House debates

Monday, 22 February 2021

Questions without Notice

COVID-19: Vaccination

2:22 pm

Photo of Greg HuntGreg Hunt (Flinders, Liberal Party, Minister for Health and Aged Care) Share this | Hansard source

I want to thank the member for Reid not just for her question but also for her service in supporting Australians with mental health challenges. One of the most significant things during the course of the difficult year that Australia has had, the year of the global pandemic, has been our continued work on containment in Australia. I'm pleased to be able to inform the House that Australia has now had a fifth day, out of the last six, with zero cases of community transmission. That's a collaborative partnership, a national achievement, of the people, the jurisdictions, the Australian government and the medical profession. But we know we won't be fully safe until the world is safe, and that's why a vaccine is so important.

Yesterday I had the privilege of joining the Prime Minister as Jane Malysiak became the first Australian to be given the vaccine. This morning I was privileged to join the ACT, showing the partnership between the Commonwealth and the territories and states. I was with the ACT health minister, Rachel Stephen-Smith, when Maddy, a nurse, was given the vaccine. Tomorrow, I understand, the Leader of the Opposition and the Leader of the Greens will put their shoulders to the cause, and I want to thank them for their contribution and their part.

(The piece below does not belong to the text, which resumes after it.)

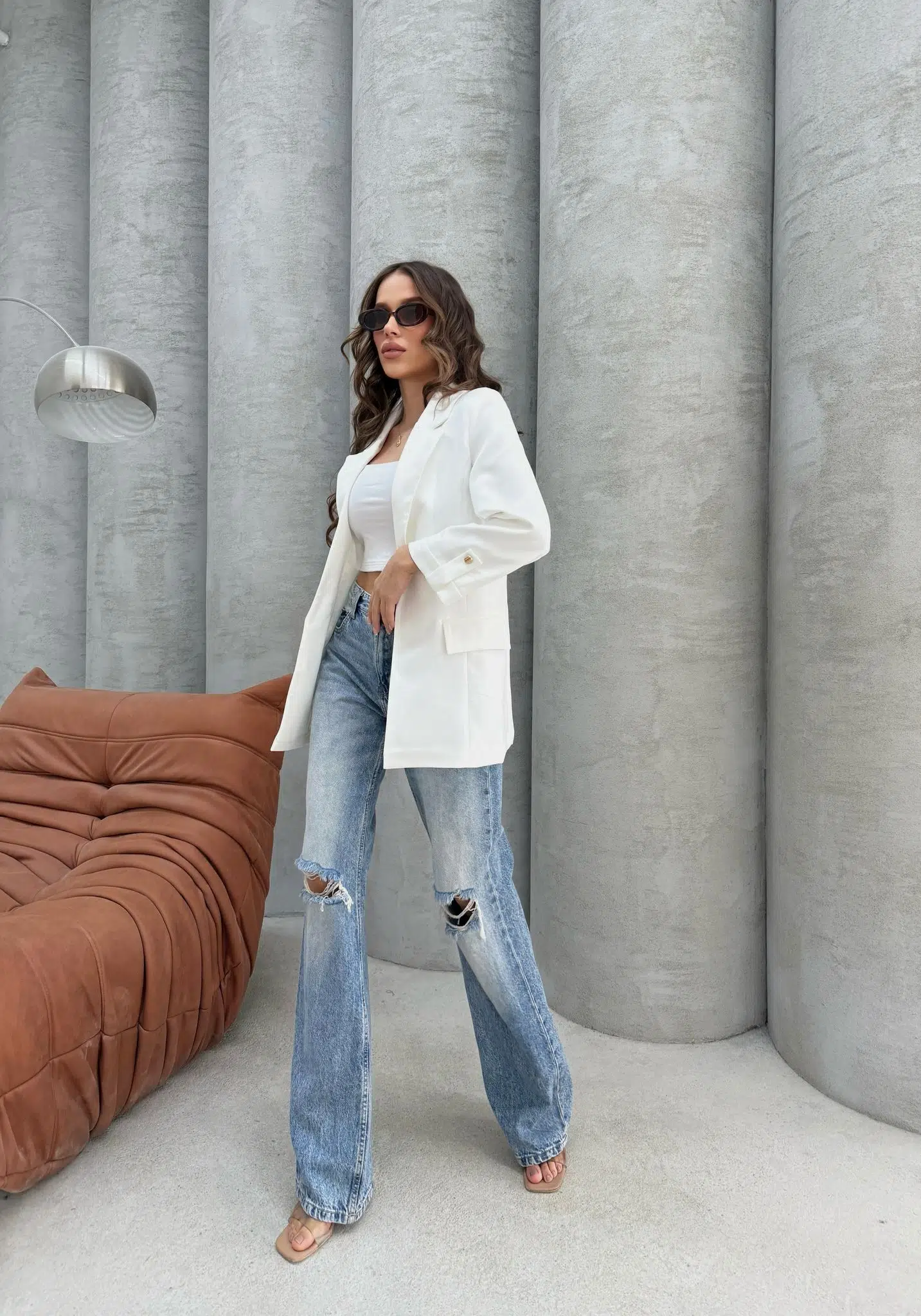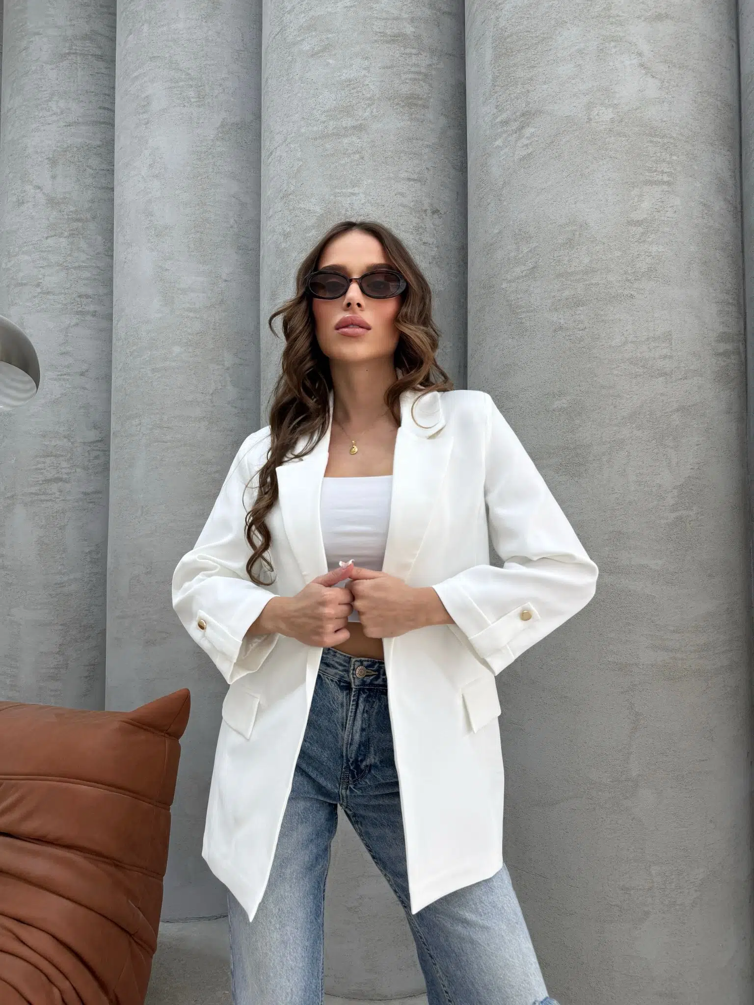 Düz kesimiyle modern ve zamansız bir stil sunar.

They've been playing an important role. This reaches across all parties. It reaches across all circumstances. I want to thank everybody for being involved.

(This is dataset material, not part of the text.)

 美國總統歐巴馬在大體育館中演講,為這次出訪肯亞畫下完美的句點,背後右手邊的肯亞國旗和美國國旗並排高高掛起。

What we've seen is that Australians are stepping up to the cause, and they will step up to the cause. We had people such as Mila, a disability support worker who started life in the Philippines, who was there yesterday, who said it was one of the great honours of her life to be saying to the Australian people that she was contributing. She supports our disability patients as a carer and she was putting herself forward to be part of this great Australian project. This Australian project, involving people from all corners of the land, begins this week with our elderly Australians in aged care and those in disability care, with their carers and our frontline health workers, and with our border and quarantine workers. We had the privilege of meeting some of those yesterday, some who had been working in the program throughout so much of the last year. All of these people have helped to keep us safe so far. But now it's our turn to help keep them safe, and that's what this vaccination program is about: it's about keeping Australians safe.